Memory requirements?
--------------------

**Graph:**

- Default construction: for k=31, at least 16 bytes per k-mer plus overhead (1B k-mers ≈ 18 GB)
- Construction with disk swap: buffer size plus output graph size
- Succinct (stat): ~4 bits/k-mer (10B k-mers ≈ 5 GB)
- Succinct (small): ~2 bits/k-mer (10B k-mers ≈ 2.5 GB)

**Large-scale indexing:**

When indexing large-scale datasets, everything depends on the chosen buffer sizes.
With carefully selected parameters, one can build and annotate graphs with trillion of k-mers.
For real examples, see https://github.com/ratschlab/metagraph/blob/master/metagraph/experiments/large_index_scripts.md.
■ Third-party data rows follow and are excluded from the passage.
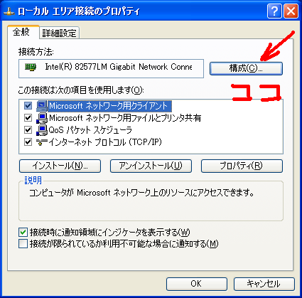 ”接続”からLANカードのプロパティを開け、
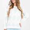 Women’s casual blouse made of buttery material is a combination of comfort and style. The fabric is soft, delicate, and exceptionally pleasant to the touch, providing maximum comfort for the whole day. The standard length model has a classic, round neckline and long sleeves, making it perfect for everyday styling. The geometric pattern gives the whole a modern character and attracts attention, adding originality to the styling. The blouse does not have a fastening, emphasizing its loose fit. Made of a combination of polyester, viscose, and elastane, it combines durability with flexibility and lightness, perfectly fitting the silhouette. It is an excellent choice for everyday wear with both jeans and sporty pants or a skirt.
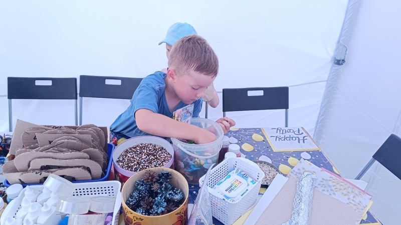 Библиотекой в этом году была организована интерактивная площадка «ТабуреТОЧКА «Чудеса из ничего». Площадка привлекла внимание как детей, так и взрослых. На мастер-классе участники фестиваля создавали из картона невероятные фоторамки. Ребята и взрослые с увлечением украшали их, размещая на них целые композиции из шишек, фасоли, игрушек, пуговиц, песка, камней и многого другого. Такие фоторамки станут отличным дополнением к любому интерьеру.

How to speed up construction?
------------------------------

1. **Use more threads:** ``-p 64``
2. **Pre-process the input sequences with KMC:** ``kmc -k31 -m40 -sm input.fasta.gz output /tmp/``
3. **Parallelize samples:** Build sample graphs in parallel, with 4-8 threads (``-p ...``) on each.

How to reduce size?
-------------------

1. **Use primary graph:** 50% smaller than canonical (only applies to indexing reads)
2. **Use RowDiff<Multi-BRWT>** for annotation (10-20% of **Column**)
3. **Relax BRWT:** ``metagraph relax_brwt --relax-arity 32 ...`` (5-20% smaller)
4. **Transform graph:** ``metagraph transform --state small ...``
5. **Filter out low-abundance k-mers:** ``kmc -ci2 ...`` before building to remove singleton k-mers
6. **Use other graph cleaning techniques:** ``metagraph clean ...`` to remove sequencing errors

How to reduce RAM usage while querying?
--------------------------------

- **Use memory mapping (--mmap):** see :ref:`memory_mapping`
- **Reduce the batch size:** see ``./metagraph query --batch-size ...``
- **Alternative: Use disk-backed formats:** ``row_disk`` or ``row_diff_disk``

When to use memory mapping?
^^^^^^^^^^^^^^^^^^^^^^^^^^^
- When the graphs are extremely large
- When the available RAM is limited

When not to use memory mapping?
^^^^^^^^^^^^^^^^^^^^^^^^^^^
- Never use it with slow (e.g., spinning) disks, unless it's for a single stats check

Troubleshooting
===============

Top issues and solutions:

Installation fails
------------------

**Conda:** Try installing in a fresh environment

**Docker:** Pull latest: ``docker pull ghcr.io/ratschlab/metagraph:master``

**Source:** Check compiler version and the dependencies

See :ref:`installation` and :ref:`troubleshooting`.

Out of memory
-------------

**Solution:** Use disk swap

.. code-block:: bash

   metagraph build --disk-swap /tmp --mem-cap-gb 50 ...
   metagraph annotate --disk-swap /tmp --mem-cap-gb 10 ...

RowDiff transform generates no output
-------------------------------------

**Solution:** Remember that for annotations with coordinates and counts, the output
files have the same name ``*.column.annodbg`` as the input files, hence, should be
written to a new directory. (See :ref:`transform_count_annotations`.)